A Message from Ms. McMains
March 18th, 2024
Welcome to Spring!
Dear 7th grade parents & guardians,
Welcome to pre-Spring! I would like to ease into beautiful mild temps and tulips but you and I both know Illinois has a few more weather punches in store. I’ve lived here since 1980. There’s a cold snap lurking somewhere in March or April…..possibly June.
As we gear up for 4th quarter, just a few thoughts. As always, take them or leave them and please let me know if there are other topics you’d like me to write about or provide articles and book references for. In February and March your students have been so BUSY. They have engaged in all types of learning, sports, music, theater, clubs, and community service. So much exploration! So many thoughts, opinions, and unbridled emotion. Watching them change and grow at such a rapid pace is a delight and really resonated with a book I recently read. Lab Girl, by Hope Jahren, was unique and quite a divergence from my usual type of book, but I ended up truly enjoying it. As a botanist, chemist, and university professor, the author draws remarkable parallels between human and plant experiences. This is how she described the teenage years of a beloved tree;
“It went through a ten year period where it grew wildly, with little regard for the future. Between the ages ten and twenty it doubled in size, and it was often ill prepared for the new challenges and responsibilities that came with such height. It strove to keep up with its peers and occasionally dared to outdo them by brazenly claiming the odd pocket of full sun.”

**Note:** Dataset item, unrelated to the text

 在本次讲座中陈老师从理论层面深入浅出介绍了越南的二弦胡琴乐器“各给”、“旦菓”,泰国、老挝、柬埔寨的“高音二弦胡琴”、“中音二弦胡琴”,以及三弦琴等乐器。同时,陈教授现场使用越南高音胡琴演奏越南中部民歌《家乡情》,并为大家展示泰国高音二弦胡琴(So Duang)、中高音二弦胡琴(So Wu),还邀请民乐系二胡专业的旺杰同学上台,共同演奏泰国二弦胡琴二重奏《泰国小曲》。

Sound like anyone you know?
In addition to some articles that recently caught my eye and are linked below, I wanted to extend a couple fun challenges based on my observations here at school and based on research from the incredible book, The Emotional Lives of Teenagers by Lisa Damour.

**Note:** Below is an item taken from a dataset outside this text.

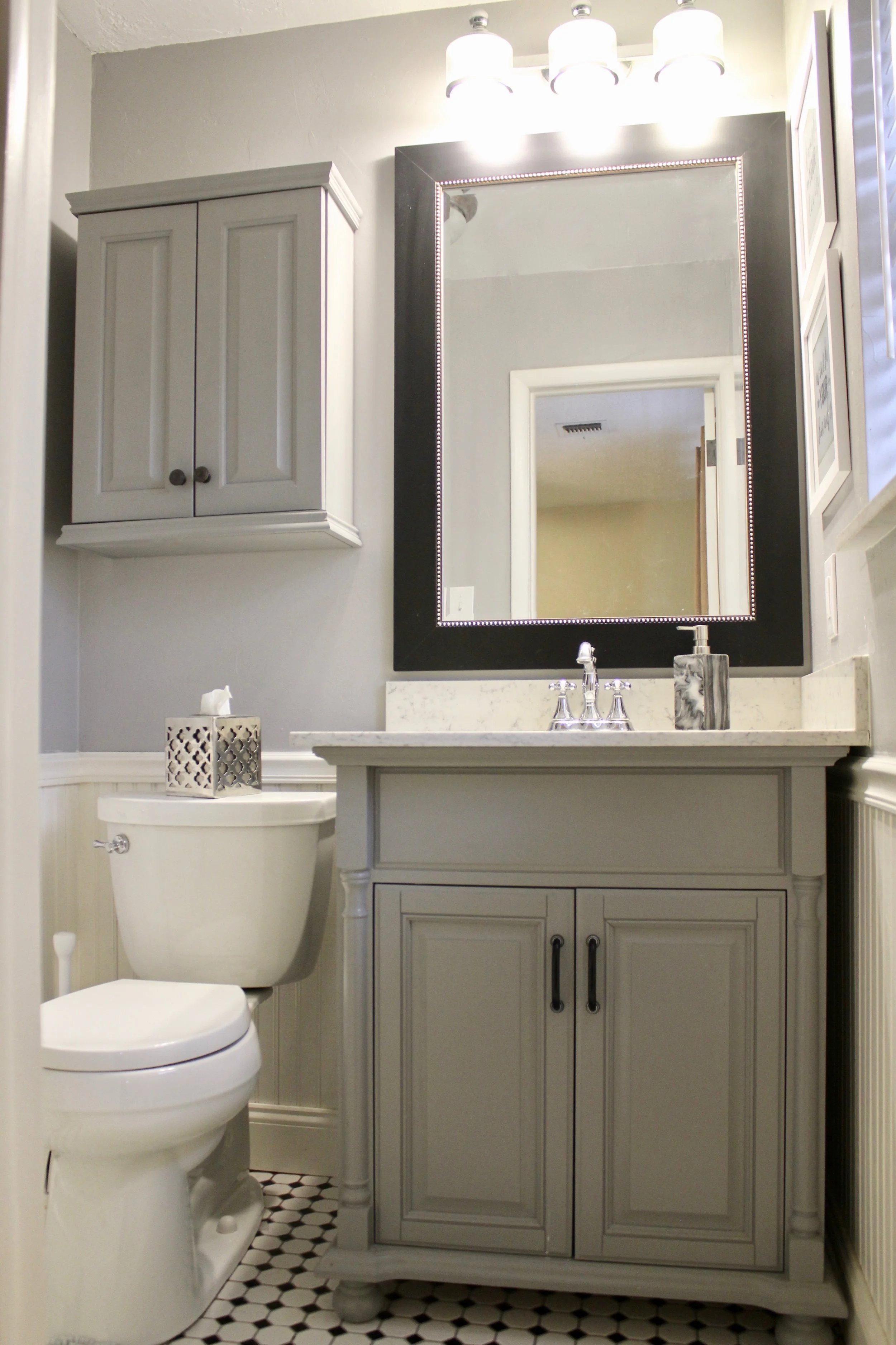 This charming fixer upper was renovated top to bottom. We installed beautiful hardwood floors throughout and opened up walls to create an expansive feel in a small starter home. The master bathroom was remodeled with subway tile, raincan shower, and quartz vanity top. The newly married couple wanted to make this first home a place where friends could come visit and lose track of time. Focusing mainly on the living areas, we mixed bold patterns and classic prints, often reupholstering and repurposing family heirlooms. This helped to make the home feel youthful on a young couple's budget.

Challenge #1: Parents of BOYS. Did you know that although boys and girls express a similar range of emotions in very early life, boys experience a drastic “narrowing of emotional repertoire?” The study cited on page 40 in The Emotional Lives of Teenagers states, “between preschool and the end of first grade, boys’ expressions of sadness and anxiety dropped by 50 percent.. “ Please note this narrowing of emotional repertoire does not mean boys are not feeling sad or anxious, it simply means they are not expressing it. So my question is, where do these emotions go? How do boys express emotions such as sadness or anxiety if not verbally or through facial expressions? My suspicion is that both sadness and anxiety tend to be expressed through the outward lens of anger, restlessness, hyper excitement, grouchiness and any other host of emotions. So my challenge to parents (looking at you Dads), is to occasionally work on your own expressions of sadness and anxiety/worry and to verbalize it to your 13 year old sons. Here are some examples in case this feels awkward to you.
“I’ve just been a little down lately. Some things are not going great at work.”
“I’ve been feeling kinda worried lately about your grandma and her health.”
“Sometimes I think about work and things that need to get done at the house and it feels overwhelming to me.”
A bonus challenge would be to then talk about how you manage feelings of sadness and anxiety. Try to point out not only the action based coping strategies (go for a jog, play guitar, watch TV as a distraction) but also that you sometimes express those feelings and talk to someone about them. Boys need to hear that it is ok to talk to a friend or family member about their feelings. It is ok to express feelings.
Challenge #2: Parents of GIRLS. In the same chapter of The Emotional Lives of Teenagers just a few turns away on page 43, Damour talks about how we tend to ask boys more about learning-related topics and girls more about interactions with classmates and teachers. Of course there is nothing wrong with wanting to know who your daughter sat with at lunch or how the dynamics are playing out in that CMA small group. My curiosity is simply, are we inadvertently telling girls that relationships, friendships, and getting along with others is vastly more important than academic exploration? So many girls struggle with anxious feelings related to peer relations - what if we are (very accidentally) contributing to that? The next time your daughter comes home from school or you are driving her to an activity, maybe try one of these questions.
“What unit are you studying in Science right now? What are you curious about with that topic?”
“Has your dystopian book in ELA sparked any curiosity about current events, politics, or things currently going on in our world?”
“What concepts are you tackling in Math right now? What works best for your learning when you are presented with a new Math unit?”
You are raising a young adult within the much larger context of a complicated world. There will of course be gender based influences that impact both your parenting decisions and your child's experience of school, friendships, and emotional expression and regulation. The challenge is simply to be aware of those gender based influences and recognize when they are helpful and when they perhaps need to be challenged or at least poked.
Articles (below) that have caught my eye:
What I'm reading over Spring Break:
The President's Wife by Tracy Enerson Wood. Full disclosure: This is not a social-emotional book or a parenting book. It is historical fiction "fluff" and just sounded interesting. We all need an escape from the every day, right?